Most notable among the deals brokered by Quinn is the recent one with Motorola Mobility. The company publicly stated that it was considering packing up and moving its operations to California. Quinn was quick to rush in with a very generous deal for the company: $110 million in taxpayer dollars, not for any innovation or expansion, but simply to stay put.

And as the Chicago Tribune reported this weekend, the company isn't even obligated to maintain its workforce. Of its around 3,200 Illinois employees, it only needs to keep 2,500 to receive the tax credit, meaning it could initiate significant layoffs and still get a handout.
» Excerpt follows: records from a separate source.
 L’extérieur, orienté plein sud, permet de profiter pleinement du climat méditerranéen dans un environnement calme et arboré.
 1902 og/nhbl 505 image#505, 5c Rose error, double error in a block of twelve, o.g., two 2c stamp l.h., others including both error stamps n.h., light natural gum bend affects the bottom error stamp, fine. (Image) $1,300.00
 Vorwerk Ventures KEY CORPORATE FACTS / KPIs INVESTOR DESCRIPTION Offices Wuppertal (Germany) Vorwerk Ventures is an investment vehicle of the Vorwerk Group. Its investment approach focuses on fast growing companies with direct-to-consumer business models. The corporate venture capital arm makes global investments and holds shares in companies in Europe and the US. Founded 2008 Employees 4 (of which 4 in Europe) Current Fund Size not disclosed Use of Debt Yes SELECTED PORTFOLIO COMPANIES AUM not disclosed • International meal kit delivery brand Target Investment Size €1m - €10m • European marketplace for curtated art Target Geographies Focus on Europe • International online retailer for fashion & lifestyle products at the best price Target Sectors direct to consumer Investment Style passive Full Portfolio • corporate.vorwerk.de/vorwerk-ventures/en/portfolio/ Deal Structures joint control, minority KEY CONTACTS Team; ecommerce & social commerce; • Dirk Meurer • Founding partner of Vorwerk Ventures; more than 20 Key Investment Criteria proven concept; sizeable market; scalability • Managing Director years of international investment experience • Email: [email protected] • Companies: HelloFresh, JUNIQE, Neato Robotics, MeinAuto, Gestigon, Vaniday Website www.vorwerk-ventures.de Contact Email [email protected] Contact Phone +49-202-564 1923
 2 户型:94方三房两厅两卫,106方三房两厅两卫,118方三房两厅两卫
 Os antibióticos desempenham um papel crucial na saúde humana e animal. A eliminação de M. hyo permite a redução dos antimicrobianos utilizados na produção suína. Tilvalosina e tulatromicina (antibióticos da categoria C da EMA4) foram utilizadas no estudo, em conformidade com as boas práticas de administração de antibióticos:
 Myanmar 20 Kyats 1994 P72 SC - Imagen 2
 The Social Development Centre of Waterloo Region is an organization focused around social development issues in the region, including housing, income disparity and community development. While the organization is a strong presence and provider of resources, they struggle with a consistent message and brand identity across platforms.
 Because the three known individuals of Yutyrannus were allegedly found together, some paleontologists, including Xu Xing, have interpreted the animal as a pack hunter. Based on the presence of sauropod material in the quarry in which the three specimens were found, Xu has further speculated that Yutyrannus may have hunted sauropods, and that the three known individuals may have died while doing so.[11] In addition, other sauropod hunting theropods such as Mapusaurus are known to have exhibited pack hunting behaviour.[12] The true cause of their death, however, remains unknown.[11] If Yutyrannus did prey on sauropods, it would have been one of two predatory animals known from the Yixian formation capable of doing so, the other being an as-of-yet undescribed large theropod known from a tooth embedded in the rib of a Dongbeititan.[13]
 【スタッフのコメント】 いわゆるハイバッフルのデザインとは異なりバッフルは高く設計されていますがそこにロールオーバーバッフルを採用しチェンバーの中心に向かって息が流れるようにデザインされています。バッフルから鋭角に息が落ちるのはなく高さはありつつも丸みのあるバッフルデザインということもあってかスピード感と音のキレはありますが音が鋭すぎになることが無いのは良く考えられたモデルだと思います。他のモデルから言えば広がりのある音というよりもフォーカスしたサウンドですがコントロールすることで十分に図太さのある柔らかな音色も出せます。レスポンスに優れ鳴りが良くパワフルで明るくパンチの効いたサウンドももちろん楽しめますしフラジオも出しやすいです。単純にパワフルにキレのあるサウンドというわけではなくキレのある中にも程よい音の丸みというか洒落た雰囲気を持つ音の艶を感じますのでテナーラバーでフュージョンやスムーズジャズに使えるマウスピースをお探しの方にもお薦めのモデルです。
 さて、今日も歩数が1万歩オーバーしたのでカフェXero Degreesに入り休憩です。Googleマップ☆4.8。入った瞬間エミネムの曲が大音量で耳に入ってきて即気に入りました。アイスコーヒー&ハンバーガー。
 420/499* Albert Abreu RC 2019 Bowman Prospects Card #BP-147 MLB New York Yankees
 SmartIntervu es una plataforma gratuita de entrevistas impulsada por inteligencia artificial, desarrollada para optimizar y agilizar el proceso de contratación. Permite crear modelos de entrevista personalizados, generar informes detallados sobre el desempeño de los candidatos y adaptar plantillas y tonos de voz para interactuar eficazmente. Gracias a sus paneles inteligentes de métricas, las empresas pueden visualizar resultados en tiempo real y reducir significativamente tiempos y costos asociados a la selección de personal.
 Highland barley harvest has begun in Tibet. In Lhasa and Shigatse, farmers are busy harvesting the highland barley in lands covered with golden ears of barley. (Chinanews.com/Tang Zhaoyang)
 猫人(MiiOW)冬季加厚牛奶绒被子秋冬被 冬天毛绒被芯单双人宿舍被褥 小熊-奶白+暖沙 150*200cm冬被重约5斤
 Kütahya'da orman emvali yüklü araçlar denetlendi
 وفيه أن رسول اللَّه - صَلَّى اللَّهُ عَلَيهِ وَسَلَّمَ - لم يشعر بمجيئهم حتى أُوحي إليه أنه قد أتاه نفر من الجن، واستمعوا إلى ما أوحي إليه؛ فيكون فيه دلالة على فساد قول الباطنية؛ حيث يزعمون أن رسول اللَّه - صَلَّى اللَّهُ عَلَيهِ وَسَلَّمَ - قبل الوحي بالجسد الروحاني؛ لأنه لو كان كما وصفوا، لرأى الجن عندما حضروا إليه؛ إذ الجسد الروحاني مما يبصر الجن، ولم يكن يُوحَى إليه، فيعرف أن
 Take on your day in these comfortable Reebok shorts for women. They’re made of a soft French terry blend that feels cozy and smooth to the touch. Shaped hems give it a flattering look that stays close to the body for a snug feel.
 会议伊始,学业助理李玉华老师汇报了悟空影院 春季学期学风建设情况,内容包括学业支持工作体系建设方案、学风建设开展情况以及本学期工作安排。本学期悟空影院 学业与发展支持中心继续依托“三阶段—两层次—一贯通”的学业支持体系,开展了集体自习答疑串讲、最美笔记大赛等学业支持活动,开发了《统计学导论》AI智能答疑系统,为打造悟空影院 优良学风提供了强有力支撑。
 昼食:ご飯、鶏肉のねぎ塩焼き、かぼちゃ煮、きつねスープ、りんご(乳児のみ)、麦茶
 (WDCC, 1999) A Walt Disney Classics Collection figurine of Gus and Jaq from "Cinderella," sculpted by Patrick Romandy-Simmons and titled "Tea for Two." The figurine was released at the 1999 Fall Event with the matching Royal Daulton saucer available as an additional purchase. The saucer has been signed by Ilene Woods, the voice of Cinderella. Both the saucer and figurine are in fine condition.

Then there was Caterpillar. CEO Doug Oberhelman leaked a letter to the press stating that he felt the climate in Illinois wasn't business-friendly, and that other states had been recruiting his company to move. Again, Quinn plunged in, and within days the two were holding a back-slapping press conference, with the governor promising more infrastructure investment to improve CAT's business.

Even before the tax hike, the state gave a $64.7 million break to Navistar for the generous act of not going anywhere. U.S. Cellular and Continental Tire have won similar, if smaller, handouts.

Sears, meanwhile, is no stranger to sweet tax deals. Twenty years ago, the public helped finance its move from the Sears Tower in downtown Chicago to a new suburban development. As the Chicago News Cooperative reports, that hasn't exactly turned into a boom town:

The state laid out $60 million in tax breaks so Sears would remain in the Chicago area after abandoning its namesake building downtown. Sears has been mired in mediocrity ever since, its sales and profits shrinking, and the Prairie Stone development has done worse than that.

Prairie Stone remains mostly prairie: a few office buildings, a bankrupt shopping center and an empty-seats arena that Hoffman Estates had to seize control of in a turnaround effort. There are wide-open spaces where offices, retail and other new properties were supposed to sprout. So much for the transformative power of a big tax giveaway.

There's also the question of just how serious these companies are in their threats of leaving. It's very expensive, after all, to pack up and go elsewhere, and many of the companies -- Caterpillar not least among them -- have strong ties to the communities where they're headquartered.

Still, it doesn't seem like that's a question Quinn has much interest in asking. "We're already talking to Sears" about tax incentives, Quinn said in audio posted on the Capitol Fax blog. "It's a negotiating, bargaining process."

Illinois, it seems, is bargaining from a position of considerable weakness.